Merci beaucoup pour tes compliments, ils me vont droit au coeur ! J'espère que la suite ne te décevras pas !
Carvage
Posté le 26/10/2017
Commençons par le plus désagréable, c'est-à-dire des suggestions de changements :
"Elle savait que ça ne durerait pas, cependant." Si placer un adverbe en fin de phrase passe à l'oral, il me gêne à la lecture, notamment "cependant" qui sert normalement pour les transitions ; le mettre en début de phrase me parait plus logique
"qu'Andrev avait parcourus tout l'été durant avec son clan" :  "tout l'été durant" est une formulation que je trouve agréable mais... elle est gâchée par le "avec son clan", la rime qui en résulte charge la fin d ela phrase qui pourrait s'arrêter à durant.

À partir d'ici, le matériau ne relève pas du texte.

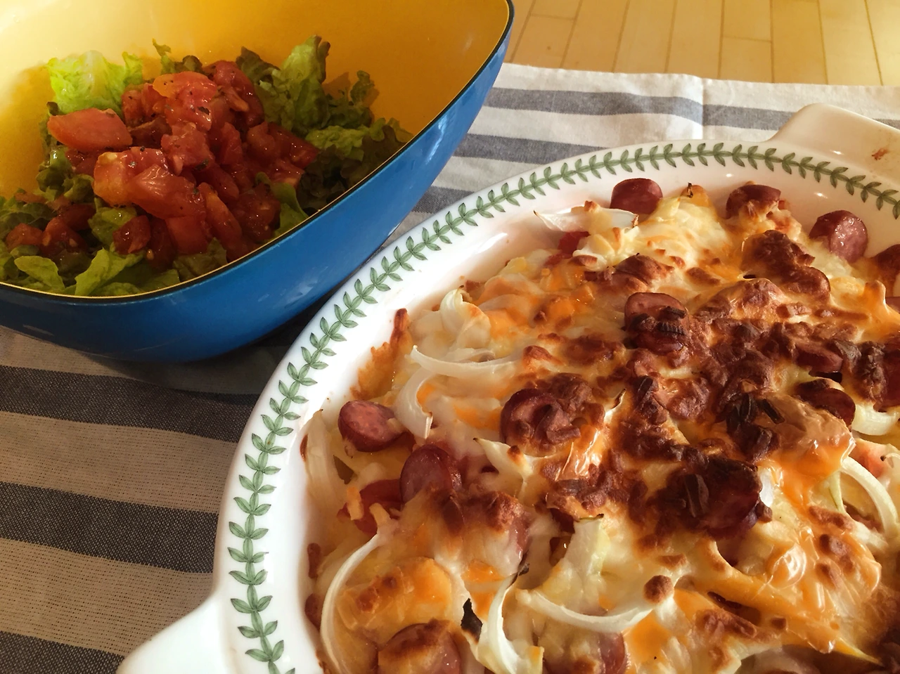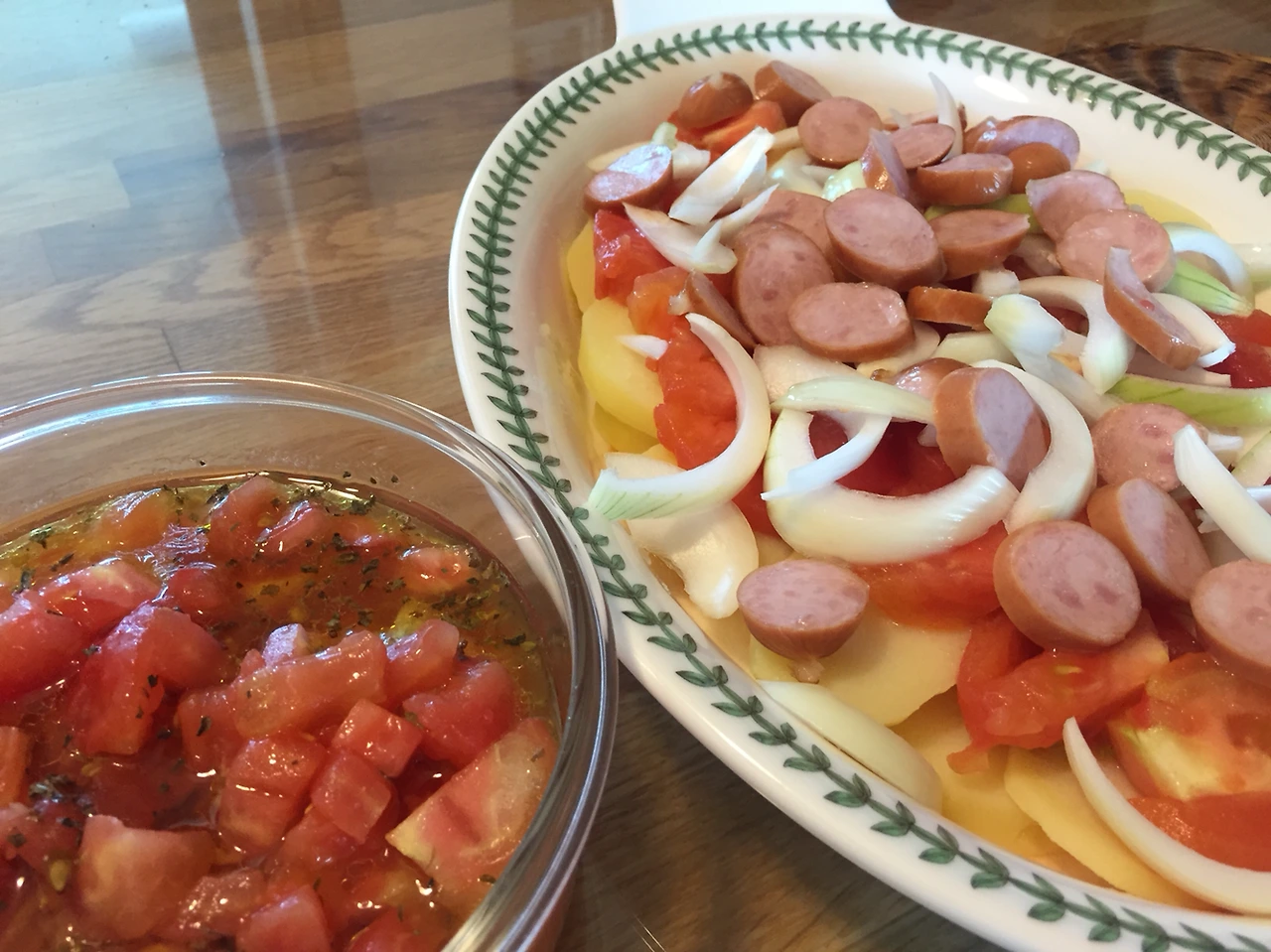 토마토 껍질 벗겨 오일 레몬즙 식초 설탕에 차게 한 샐러드. 익힌 감자 바닥에 깔고 토마토 양파 소세지 치즈 올린 그라탕. 어젯밤 와인과 허브에 재워둔 고기 예정대로 굽고. 토마토 덕에 서점 마실 포기하고 만찬

A mon gout, l'auxiliaire avoir et être sont trop utilisés dans ce chapitre, notamment dans le second paragraphe, ainsi que dans celui-ci :
"Les hivers apportaient chaque année leur lot de pertes, mais il était extrêmement rare que quelqu'un périsse avant même que le Brasier soit allumé. Valle des Belt était un peu plus âgée qu'Endrin et ceux de sa génération, elle ne faisait pas partie de leurs proches, mais elle avait toujours été là, présente - comme les autres. En dépit de ses blessures, Endrin n'avait pas imaginé un seul instant qu'elle mourrait, d'abord parce qu'elle était entre les mains de shamans expérimentés, ensuite parce qu'elle était une shaman elle-même, même si elle n'avait que deux ans de pratique derrière elle. Et les shamans étaient censés être plus résistants, tout particulièrement aux blessures dues aux esprits. Endrin avait vu un jour le père Maam soigner lui-même la brûlure que lui avait faite un Brann lors d'une chasse en forêt."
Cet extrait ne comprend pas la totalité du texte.